Mi esperanza es que los jueces, ahora cuando nos han dado la facultad de crear derecho y desechar los métodos estrechos de interpretación, llenarán el tanque de su espíritu de nuevos ímpetus y, armados de mejores herramientas conceptuales, ejercitarán su libertad para contribuír a la creación y consolidación de verdaderos valores positivos. Muchos dirán que una tarea de tales dimensiones es imposible porque sobre nuestras cabezas revolotea el coco del prevaricato y en nuestro cuello respira el monstruo del autoritarismo. Creo, con todo, que la situación no es tan alarmante. La Constitución Política es nuestra trinchera. La Corte Constitucional, en su sentencia C-417 del 4 de octubre de 1993, dijo:

"Es necesario advertir, por otra parte, que la responsabilidad disciplinaria de jueces y magistrados no puede abarcar el campo funcional, esto es, el que atañe a la autonomía en la interpretación y aplicación del derecho según sus competencias. Por consiguiente, el hecho de proferir una sentencia judicial en cumplimiento de la función de administrar justicia, no da lugar a acusación ni a proceso disciplinario alguno".
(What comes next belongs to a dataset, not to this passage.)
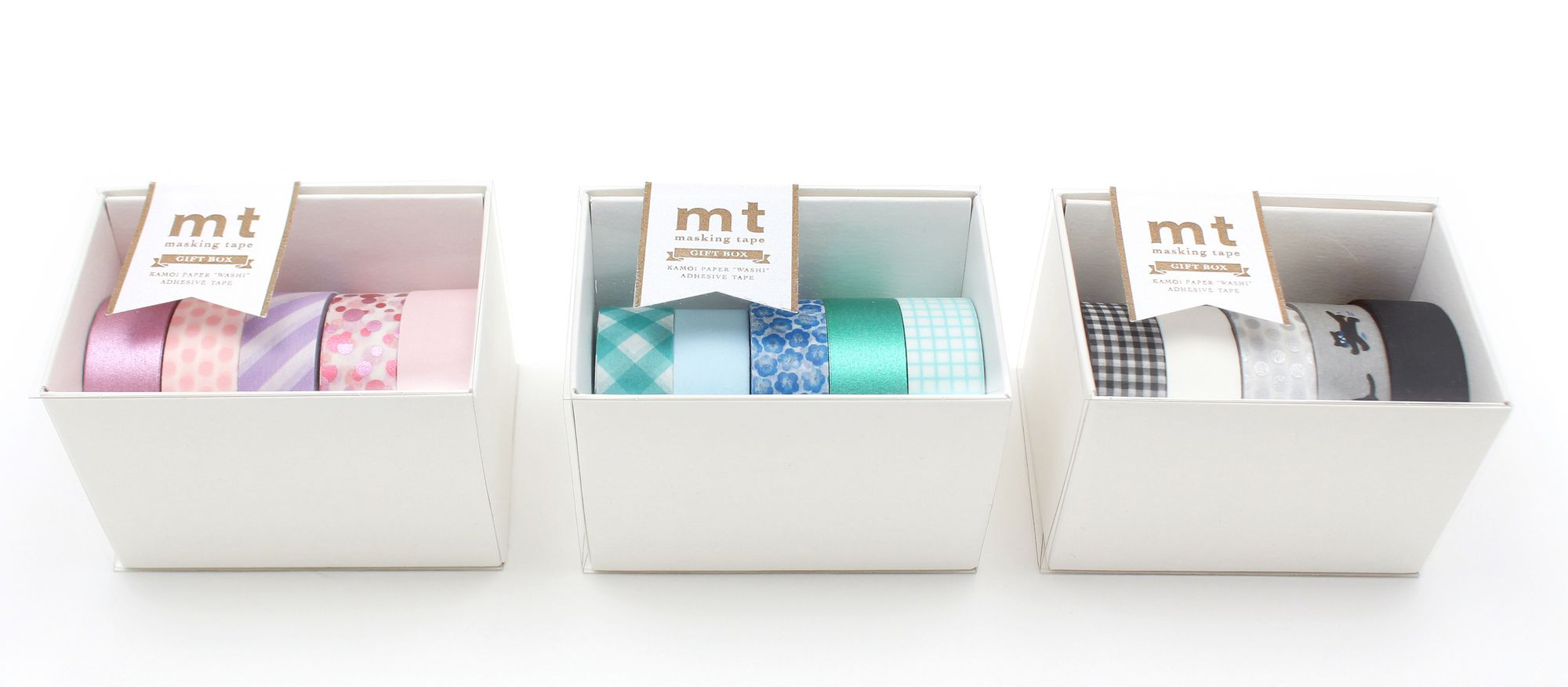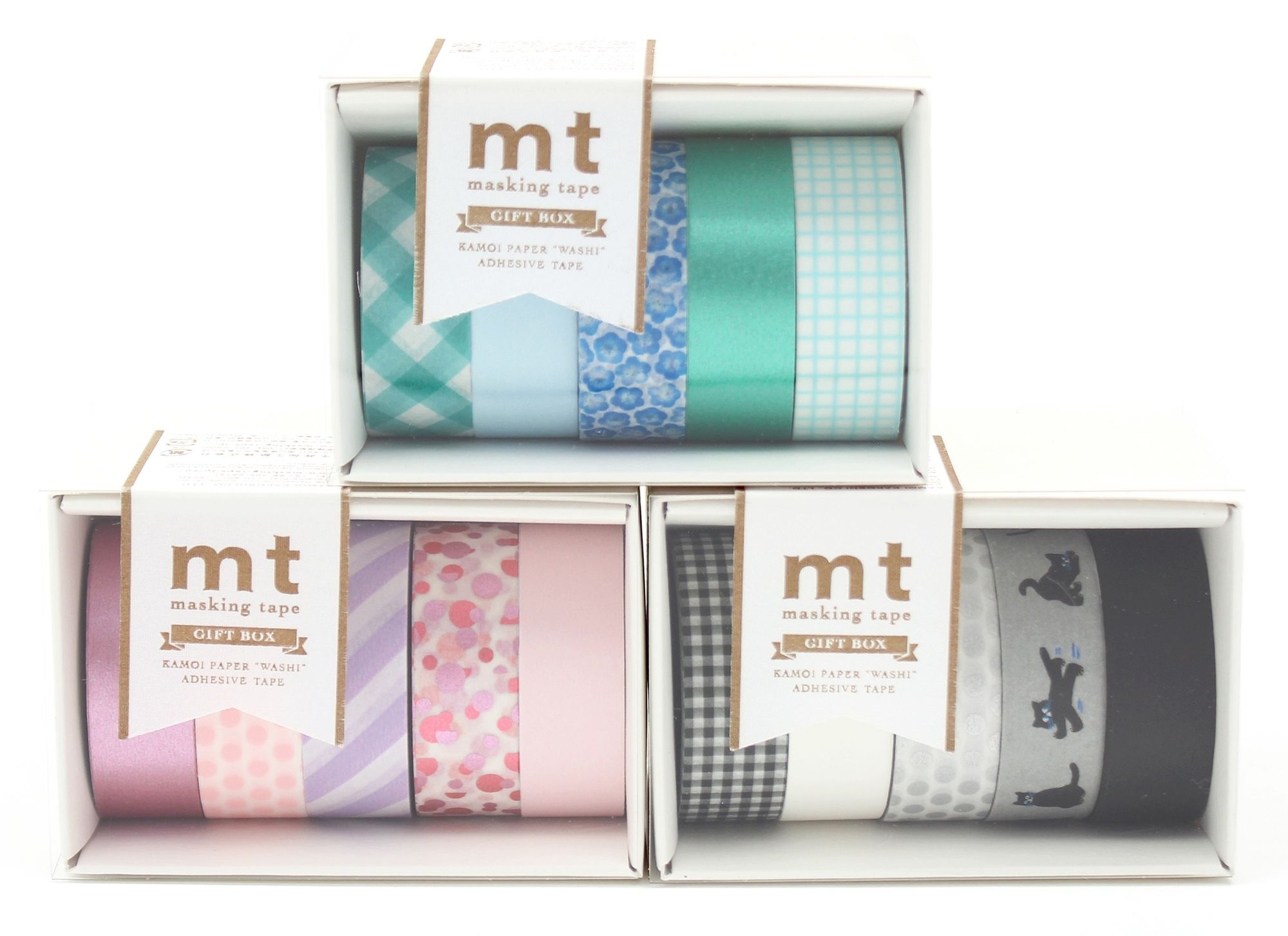 MT Masking Tape set. Includes 5 Kamoi paper washi adhesive tape in complimentary shades of blue and blue themed patterns

Si lo dicho aquí por nuestro más alto tribunal es vana palabrería; si esas directrices no han de operar en la práctica; si han de convertirse de nuevo en lenguaje mortecino; si han sido escritas para rendirles veneración y respeto, y no para que sirvan a la creación de nuevas líneas de acción, todo lo que aquí he escrito es una ociosidad, y todos, yo por iluso y ustedes por no haber tenido la valentía de arrojarme huevos y tomates, o haberme exigido dejar el escenario, no habremos hecho otra cosa que perder el tiempo.